Щеки Трубникова густо потемнели. Спотыкаясь в словах, он заговорил вначале глухо, медленно, а под конец распаляясь все больше:
— Нам Красную Армию да рабочих накормить сперва нужно. Сами-то уж перебьемся как-нибудь… неделю-другую. Получим вот аванс зерном завтра… от обмолота. Хоть и маленько, но все ж таки… А рабочему да солдату где хлеб взять, если мы им вовремя не дадим?
— Ясно-понятно, — отозвался Григорий негромко. — Должны мы об них думать. А как же иначе?
Круто завинчивая ус, Трубников сверкнул в темноте глазами:
— Закон переступать не позволю! Сначала — государству, а себе — потом. Фунта лишнего не дам хлеба никому! В прошлом году не Советской власти, а кулацкой агитации поверили: «Раз, дескать, государство весь хлеб все равно у колхозников подчистую возьмет, незачем его и с поля убирать!» Сколько пшеницы-то под снегом оставили? Вот и пусть позлятся теперь на себя, пусть в кулак посвищут!
Тимофей, молчавший все время, поднял вдруг на председателя бороду.

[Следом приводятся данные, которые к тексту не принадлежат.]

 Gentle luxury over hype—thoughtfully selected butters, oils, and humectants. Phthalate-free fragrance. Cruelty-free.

— Нехорошо, Андрей Иванович, обиду на народ в сердце носить. Ну, ошиблись люди, мало ли бывает! Ведь и вы с бригадиром нашим, Савелом Ивановичем, партийные, в этом деле не без греха…

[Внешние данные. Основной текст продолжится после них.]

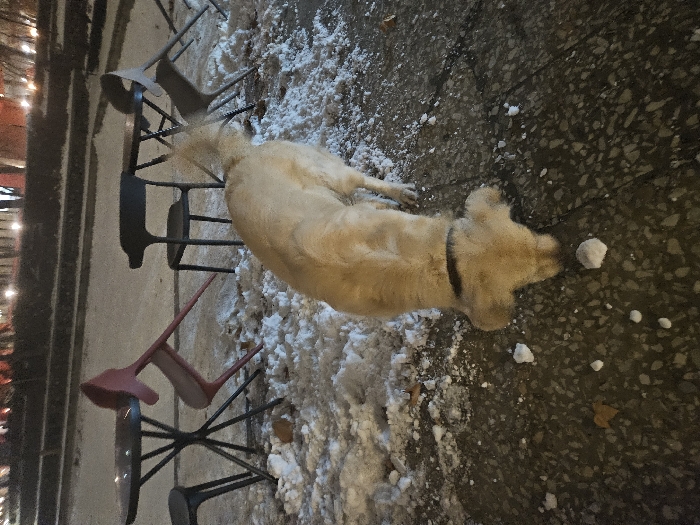A tan dog with a black collar stands on concrete, nose to a snowball. Light snow covers the ground around the dog and some chairs and tables. One chair is red; the others are black and grey. A building is visible in the background, lit with string lights.

— Ты на что это намекаешь? — сердито повернулся к нему Трубников.
Не опуская голову под его упругим взглядом, Тимофей не ответил, сам спросил с укором:
— Али вам неколи было в прошлом году втолковать, людям, что неладно они делают? Пошто было судом-то всех стращать? Да рази ж это правильно? Неужели народ слов других не понимает?

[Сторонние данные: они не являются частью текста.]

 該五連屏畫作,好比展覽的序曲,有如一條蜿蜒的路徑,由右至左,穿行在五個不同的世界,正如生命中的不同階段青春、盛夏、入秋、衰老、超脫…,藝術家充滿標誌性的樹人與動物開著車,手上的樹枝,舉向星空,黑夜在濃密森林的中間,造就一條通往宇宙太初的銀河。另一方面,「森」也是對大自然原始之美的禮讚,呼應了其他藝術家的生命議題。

Трубников отвернулся, надвинув кепку на самый нос, не сказал ни слова.
Тронув поводья, Григорий заворчал:
— Ночами-то, Андрей Иванович, не ходил бы сейчас…
И поехал прочь, все покашливая там, в сумерках, тихонько, словно боясь, что заругают за это.
— Верно ты давеча говорил, Андрей Иванович, — собираясь идти, забеспокоился Тимофей. — Везти надо хлеб, не мешкая. А то и вправду не случилось бы какого греха. Мало того, что лиходеи лапы к нему потянут, так ведь иной и честный колхозник, гляди того, позариться может из нужды да по слабости характера. И возьмет-то на одну лепешку, а суд ему, сердешному, тот же будет: десять лет!
Трубников поднял рывком воротник пиджака, поеживаясь от свежего ветра.
— Добры вы все больно! Уж если на колхозное человек позарился, какой же он после этого честный?
Круто зашагал по дороге и уже откуда-то из ночи сказал зло:
— Гляди там в оба. В случае чего, спросится и с тебя…
Прямо по жнивью Тимофей пошел к овинам, обиженно думая: «Никому доверия от него не стало. И с чего лютует?»